Reputation: 660
I want to find most frequent product each customer has purchased. my data set is like this :
CustomerID ProdID FavouriteProduct
1 A ?
1 A ?
1 A ?
1 B ?
1 A ?
1 A ?
1 A ?
1 B ?
2 A ?
2 AN ?
2 G ?
2 C ?
2 C ?
2 F ?
2 D ?
2 C ?
There are so many products,So i cannot put them in a pivot table.
Answer would look like this :
CustomerID ProdID FavouriteProduct
1 A A
1 A A
1 A A
1 B A
1 A A
1 A A
1 A A
1 B A
2 A C
2 AN C
2 G C
2 C C
2 C C
2 F C
2 D C
2 C C
The query may look like this:
Update table
set FavouriteProduct = (Select
CustomerID, Product, Max(Count(Product))
From Table
group by CustomerID, Product) FP
Upvotes: 1
Views: 1968
Reputation: 21
To return the rows exactly as you have described in the question, you could try using a table expression (I used a CTE in my example) to first return a popularity ranking, where the higher the number, the more popular the product for each customer.
WITH RankTable AS (
SELECT
CustomerID, ProductID, COUNT(*) AS Popularity
FROM TableA
GROUP BY CustomerID, ProductID
)
Then the full results table can be returned by first performing an inner join on the original table (TableA) and the table expression (RankTable), and then using a window function to create the values in the FavoriteProduct column.
SELECT
P.CustomerID
, P.ProductID
, FIRST_VALUE(P.ProductID) OVER(
PARTITION BY R.CustomerID
ORDER BY R.Popularity DESC, R.ProductID) AS FavoriteProduct
FROM TableA AS P
INNER JOIN RankTable AS R
ON P.CustomerID = R.CustomerID
AND P.ProductID= R.ProductID;
Upvotes: 2
Reputation: 19194
This one, based on the example at the end of this page: http://www.sql-server-performance.com/2006/find-frequent-values/ might be quicker:
SELECT CustomerID, ProdID, Cnt
FROM
(
SELECT CustomerID, ProdID, COUNT(*) as Cnt,
RANK() OVER (
PARTITION BY CustomerID
ORDER BY COUNT(*) DESC
) AS Rnk
FROM YourTransactionTable
GROUP BY CustomerID, ProdID
) x
WHERE Rnk = 1
This one uses a RANK()
function.

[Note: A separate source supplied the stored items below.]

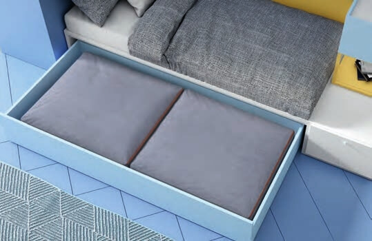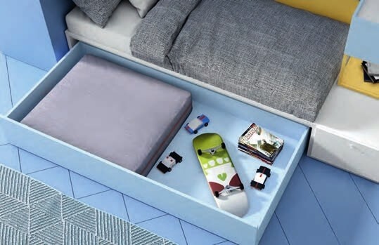 Espaço fresco e jovem. A cama possui uma gaveta grande que pode ser utilizada como arrumação ou, simplesmente, adicionando um colchão, como cama adicional.
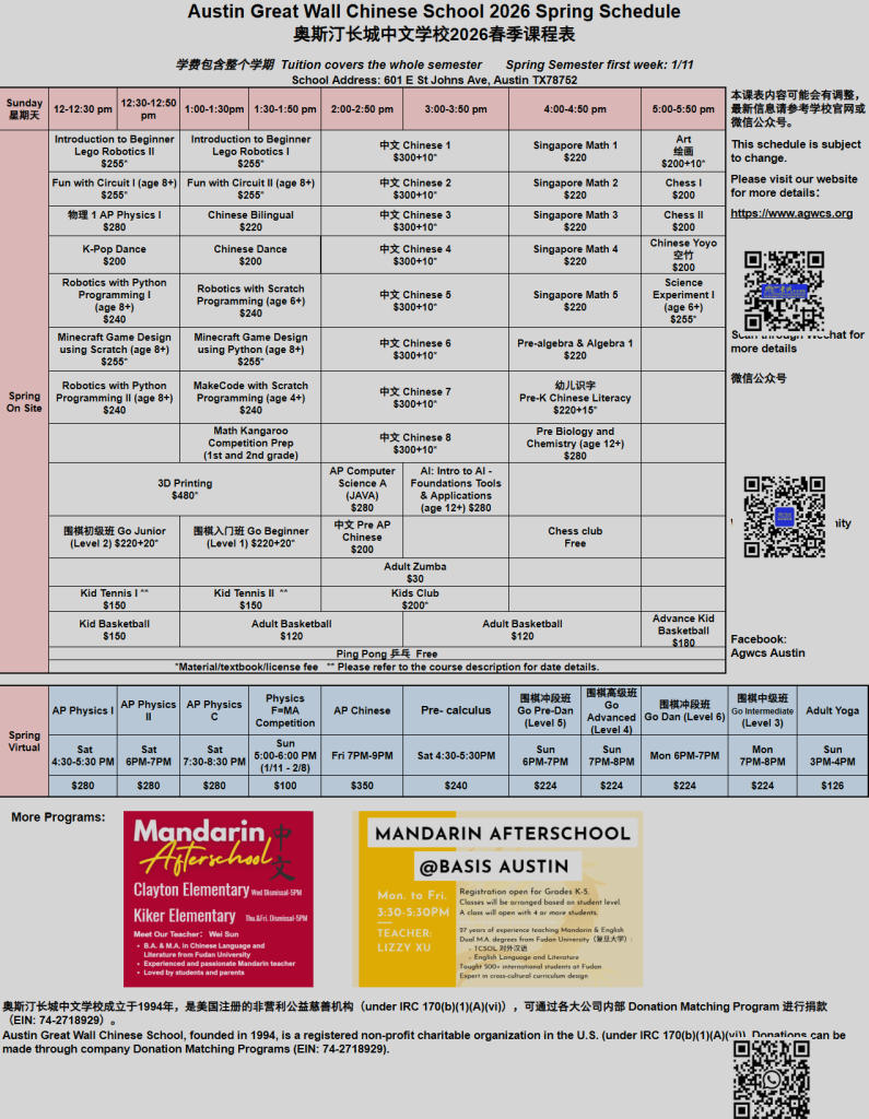Austin Great Wall Chinese School is the biggest Chinese school in the central Texas area. AGWCS offers regular Chinese (pre-K to AP), Math (K to 5) and other classes for both children and adults such as STEM, Art, Marshall Art, Chess, Badminton, Basketball, Yoga, and Zumba. See “Courses” on the left panel for details.
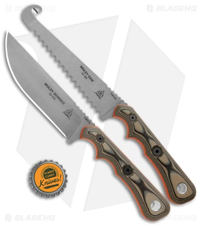 This TOPS Knives Muley combo pack includes both the Muley Skinner and the Muley Saw with a single combo sheath made from genuine leather.
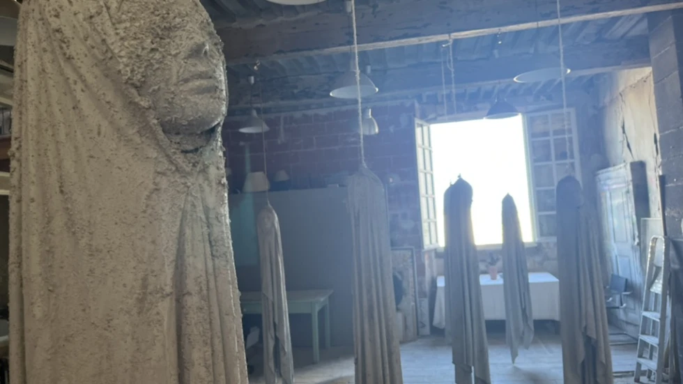 Sadafs utställning består av två delar. En del med foton av kvinnor som mördats av regimen. Den utställningen kommer att visas. Den andra delen kommer däremot inte att visas. Den består av kvinnoskulpturer i betong som föreställer svävande, hängande kvinnor i muslimska heltäckande chador. ( https://dms-api.ntm.eu/api/v1/images/rkxn2nxl/smart/width/980/height/551/as/webp )
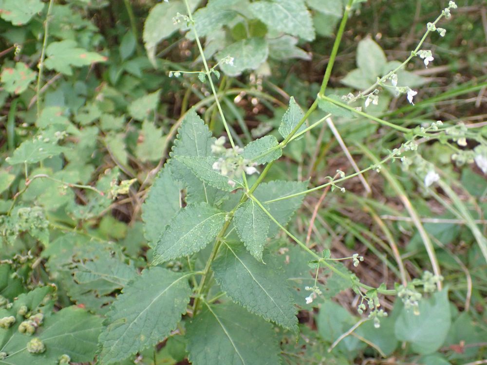 下のほうの葉は、ヤマハッカと同じように、葉の柄に小さなひれがついていました。(④)
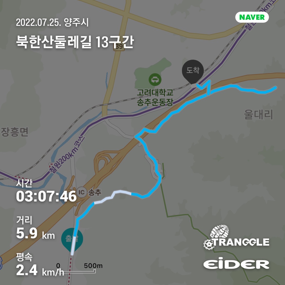 확실히 경기 쪽으로 넘어오면서 길도 살짝 정비되지 않은 느낌이나 사람이 다니지 않는다는 느낌을 받았다. 특히 초반에 있는 산길은 그렇게 재밌는 요소는 없었는데 그나마 중간에 만나는 송추 계곡 부근이 마음을 풀어줬던 것 같다. 난이도는 '하'라고 명시되어 있듯이 어렵지 않은 길들이 대부분이었다. 전체 거리가 꽤나 정확한 편인 것 같다고 느낀 것은 13구간 길이가 5km라고 표기되어 있는데 다시 돌아오는 길이 800미터쯤 된다. 측정된 길이가 정확히 그쯤이니 거리상 거의 맞는 것 같다. 만약 원래 종료 지점까지 가지 않고 두 번째 탈출 포인트에서 종료한다면 약 4.2km 정도 될 것 같다.
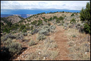 The trail is easy walking and soon heads downhill, eventually going by a very nice Forest Service sign. After that, the trail remains mostly level and loops around to the north for about a mile.
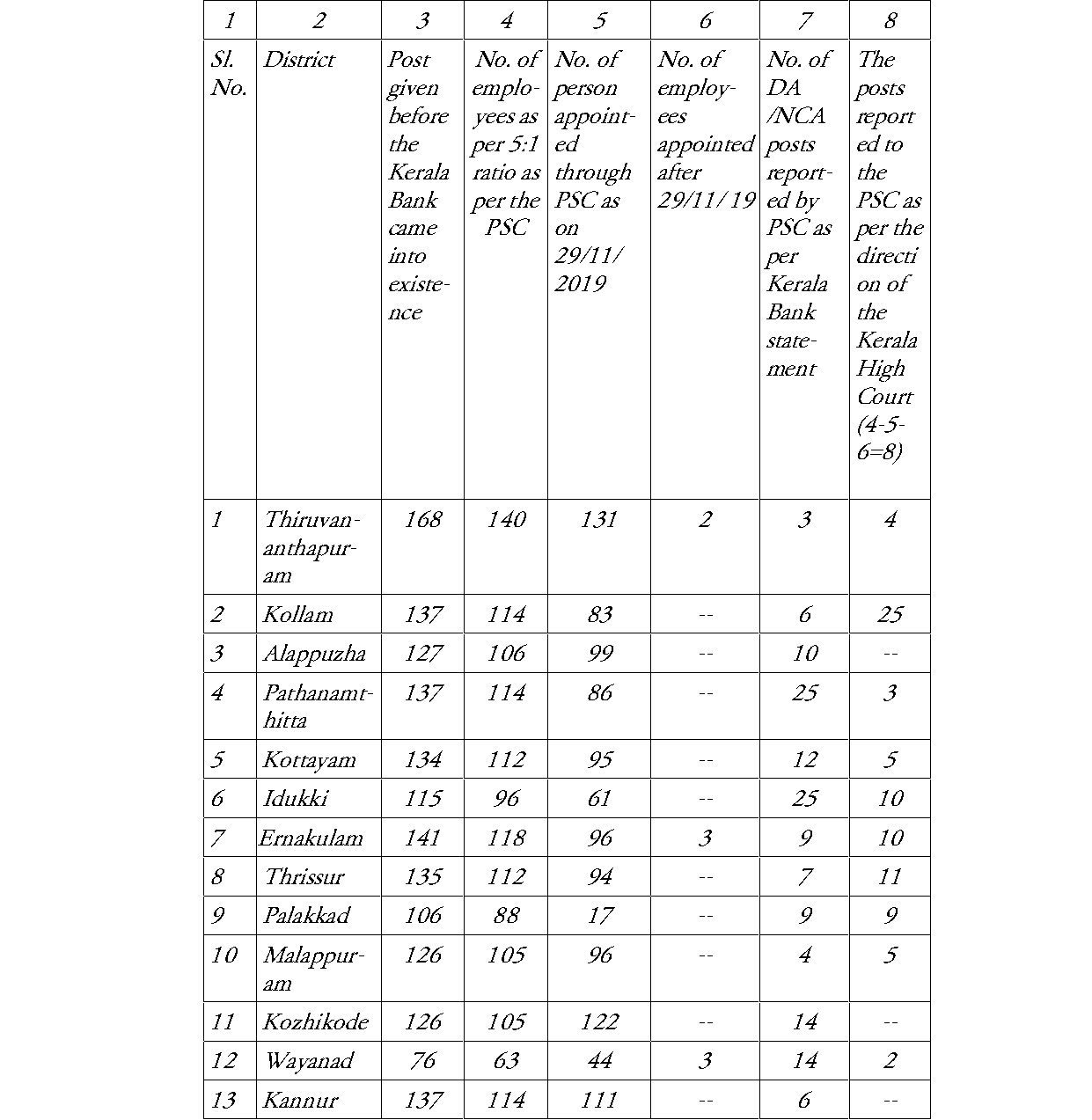 The subject matter of controversy in this group of appeals arising from the judgments of learned Single Judges of this Court relates to the post of Clerk/Cashier in the erstwhile District Co-operative Banks in Kerala. Ranked Lists were prepared by the Kerala Public Service Commission pursuant to the selection process; however, before any appointments could be made from the Ranked Lists, the District Co-operative Banks in the State were amalgamated with the Kerala State Co-operative Bank. Since the candidates included in the Ranked Lists were not appointed, they filed writ petitions seeking appropriate directions for their appointments. Several petitions were filed by individual candidates included in the Ranked Lists, and the dates and events would differ in each matter, but the legal issue being the same in all the appeals, they are dealt with by this common judgment.
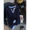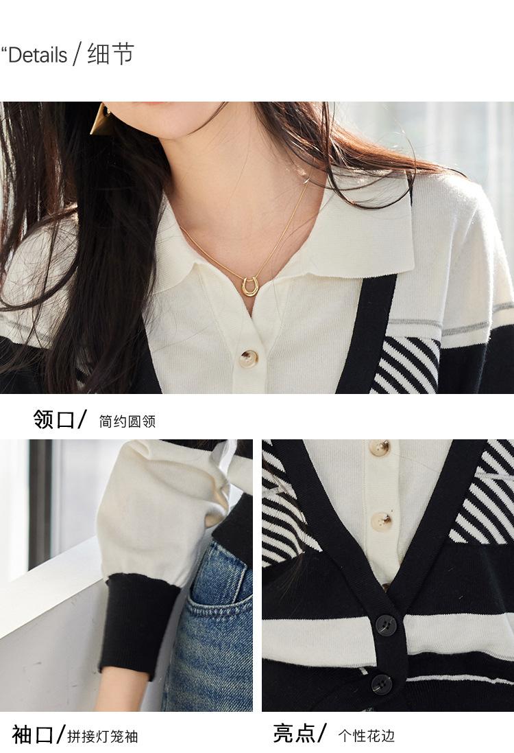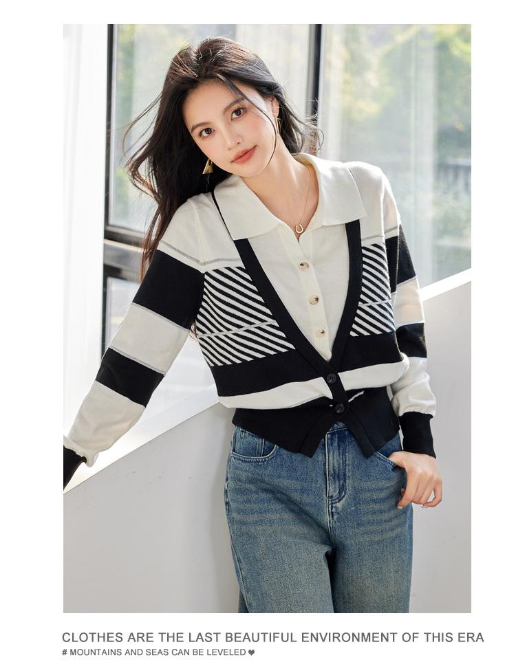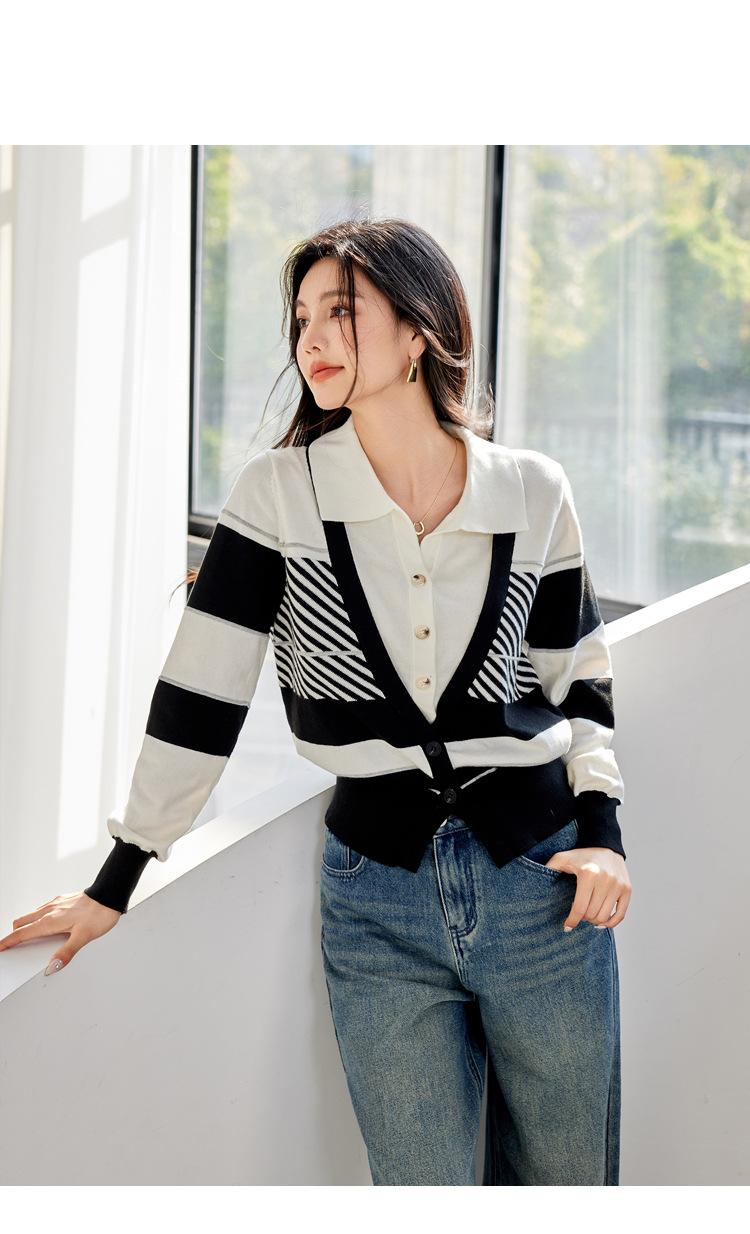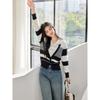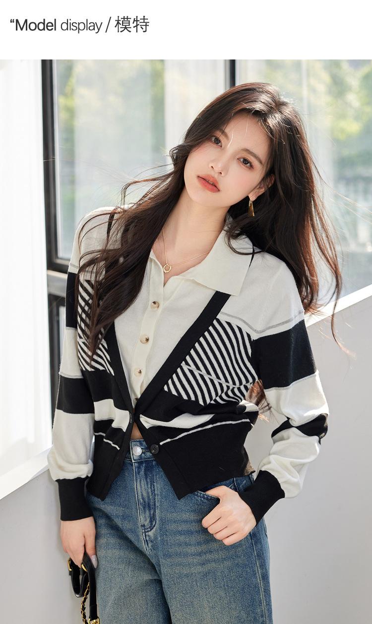 Otoño Temprano 2025 Nuevo Diseño de Moda Coreana Sentido Falso Dos Piezas Empalmado Chaleco Rayado Tejido Top de Manga Larga para Mujer
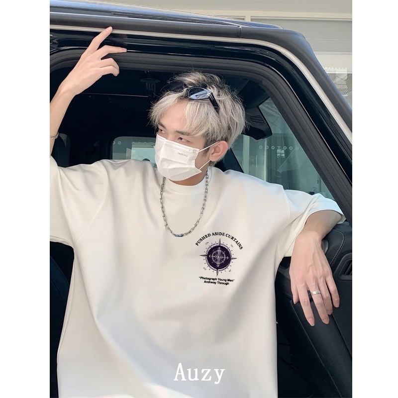 AUZY retro Amerika Mode kompas kaos pria wanita T-shirt baju oversize t shirt distro 7.10
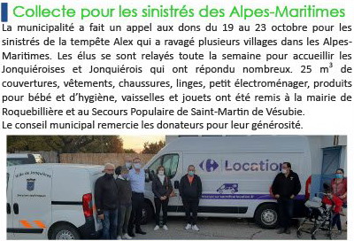 Une collecte de vêtements, vaisselle, électroménager a été organisé à Jonquières (Vaucluse), sous l’égide de la municipalité, pour faire parvenir ces dons sur le terrain, quand on a tout perdu, tout est le bienvenu!

In this case you don't have to join back to the same table (meaning there's a lot less work required)
Now to update your existing data, I like to wrap my dataset in a WITH to make debugging a little easier and the final update a bit simpler:
;WITH
(
SELECT CustomerID, ProdID, Cnt
FROM
(
SELECT CustomerID, ProdID, COUNT(*) as Cnt,
RANK() OVER (PARTITION BY CustomerID
ORDER BY COUNT(*) DESC) AS Rnk
FROM TransactionTable
GROUP BY CustomerID, ProdID
) x
WHERE Rnk = 1
) As SRC
UPDATE FavouriteTable
SET Favourite = SRC.ProdID
FROM SRC
WHERE SRC.CustomerID = Favourite.CustomerID
Upvotes: 1
Reputation: 1270011
Another way to get the most frequent product is to use row_number()
:
select customerid, productid,
max(case when seqnum = 1 then productid end) over (partition by customerid) as favoriteproductid
from (select customerid, productid, count(*) as cnt,
row_number() over (partition by customerid order by count(*) desc) as seqnum
from customer c
group by customerid, productid
) cp;
Upvotes: 2
Reputation: 12317
Just in case your SQL doesn't perform fast enough and you have customers also in a smaller table, this might work better::
select C.CustomerId, R.ProductID
from Customer C
outer apply (
Select top 1 ProductID,Count(*) as Number
from table A
where A.CustomerId = C.CustomerId
group by ProductId
order by Number desc
) R
Upvotes: 1
Reputation: 660
Thanks to Nick, i found a way to find the most frequent value. i share with you how it works :
Select CustomerID,ProductID,Count(*) as Number
from table A
group by CustomerID,ProductID
having Count(*)>= (Select Max(Number) from (Select CustomerID,ProductID,Count(*) as Number from table B where B.CustomerID= A.CustomerID group by CustomerID,Product)C)
Upvotes: 1